The Canadian Pork Council says a national swine traceability system will provide management benefits beyond tracking the movement of pigs.
The Canadian Pork Council is coordinating the creation of the swine component of a national multi-species livestock traceability system.
CPC manager of national traceability Jeff Clark explains Pig Trace includes four main components, premise identification which is identifying the location where animals are raised housed or disposed of, market tattoos and slaughter movement reporting which go hand in hand, individual ID of breeding animals which involves ear tags and movement reporting which ties the system together.

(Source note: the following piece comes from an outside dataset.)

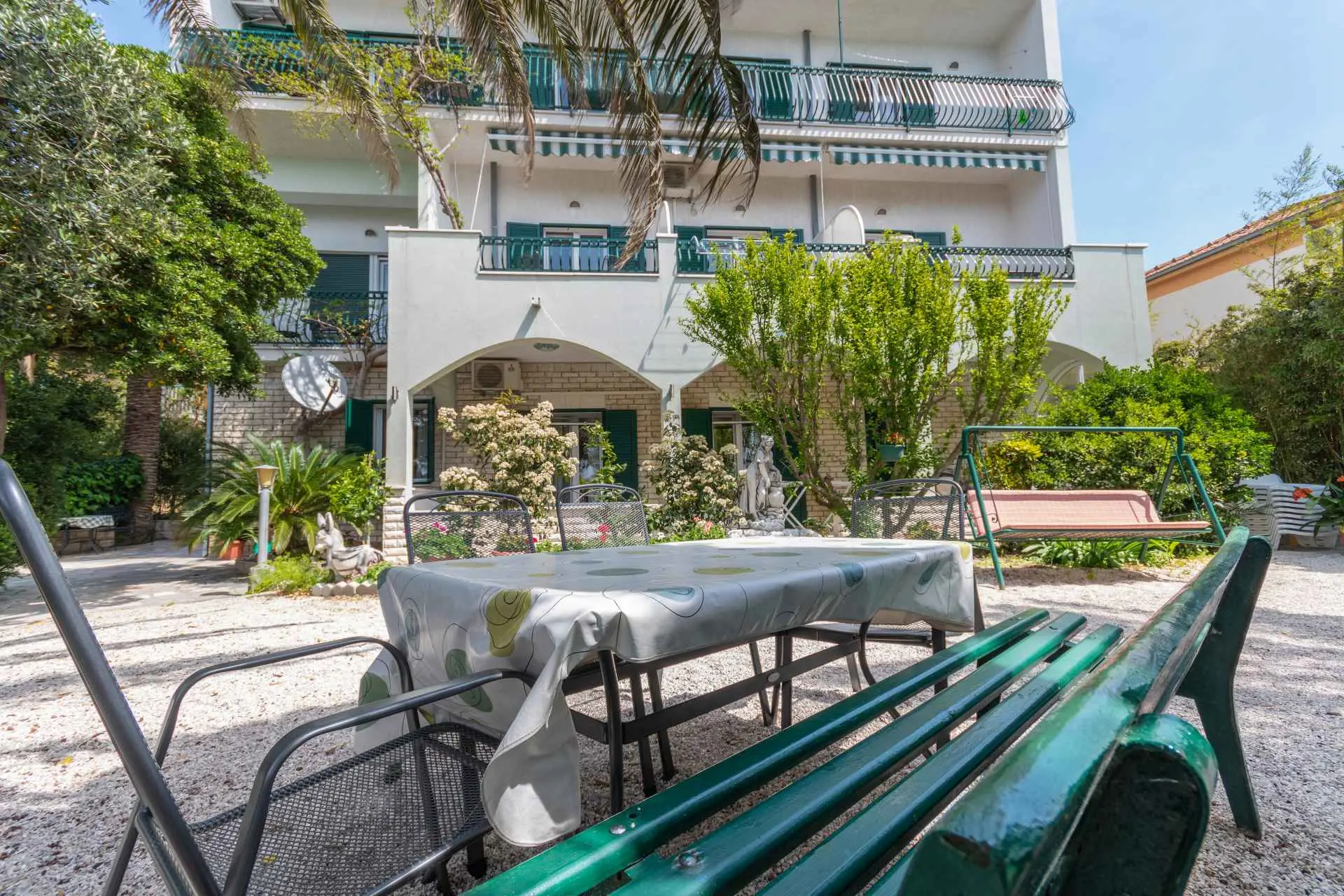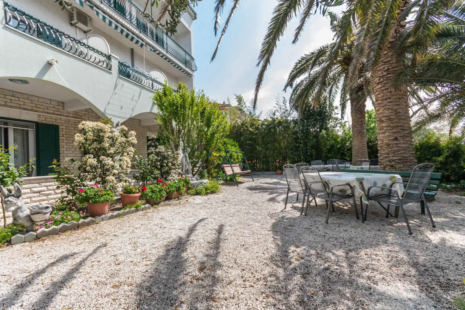 Apartmaji Palme se nahajajo v Podstrani, 10 km oddaljeni od 1700 let starega mesta Split. Nahajajo se 10 metrov od plaže. Objekt je sestavljen iz šestih enot. AP (2) - studio apartma za 2 osebi s pogledom na morje. (23 m2). AP (2 +1) apartma za 2 odrasli osebi in 1 otroka brez pogleda na morje. AP (4 +1) III-nadstropni apartma za 4 osebe + 1 otrok s pogledom na morje. AP (4 +1) in Floor West apartma za 4 osebe + 1 otrok s pogledom na morje. AP (4 +1) in Floor East apartma za 4 osebe + 1 otrok s pogledom na morje. AP (7 +1) III-nadstropni apartma za 7 oseb in 1 otroka s pogledom na morje. Cena vključuje naslednje: Parkirišče, žar, Ležalniki, Posteljnina in brisače. Pomagamo pri svetovanju in organiziranju potovanj z ali brez turističnega vodiča. Uporaba klimatske naprave je delno vključena v ceno, ostalo pa se zaračuna - 0,6 evra na uro. Apartma AP 2 + 1 - ima dnevno 6 ur brezplačno uporabo klimatske naprave. OPAZITI: - Za vsako dodatno ležišče (+1) se cena doplača 15 eur/noč. - Cene končnega čiščenja 1.AP(2)..........15 EUR 2.AP(2+1)......20 EUR 3.AP(4+1)......25 EUR 4.AP (7+1).....35 EUR

Premise identification was an initiative that we took up collectively right across Canada through our provincial pork offices back in 2006.
We have about 90 percent of our premises registered and it is the provincial government’s responsibility to do premises registration for all commodities now but we did take an industry lead and that tied in with our market tattoo.
We reissued market tattoos so they were premises specific.
Those are used for slaughter movements so that way if there’s an issue found at a packing plant the tattoo will trace right back to the farm of last residence.
The individual ID and ear tags is something very new.
We made those available in October 2009 and our intention there is to start tagging all incoming breeding animals, gilts and boars, with the new tags so we can start to roll over the herd as replacement animals come in.
The movement reporting portion, that means premise to premise movement reporting where if you’re movingĀ animals you have to report certain key information.
That hasn’t begin yet.
We’re hoping to do some early trials and early adoption projects this year in 2010.
Clark says traceability is about crisis management related to foreign animal disease and food safety but the system will provide multi use tools that will assist producers with their own production as well.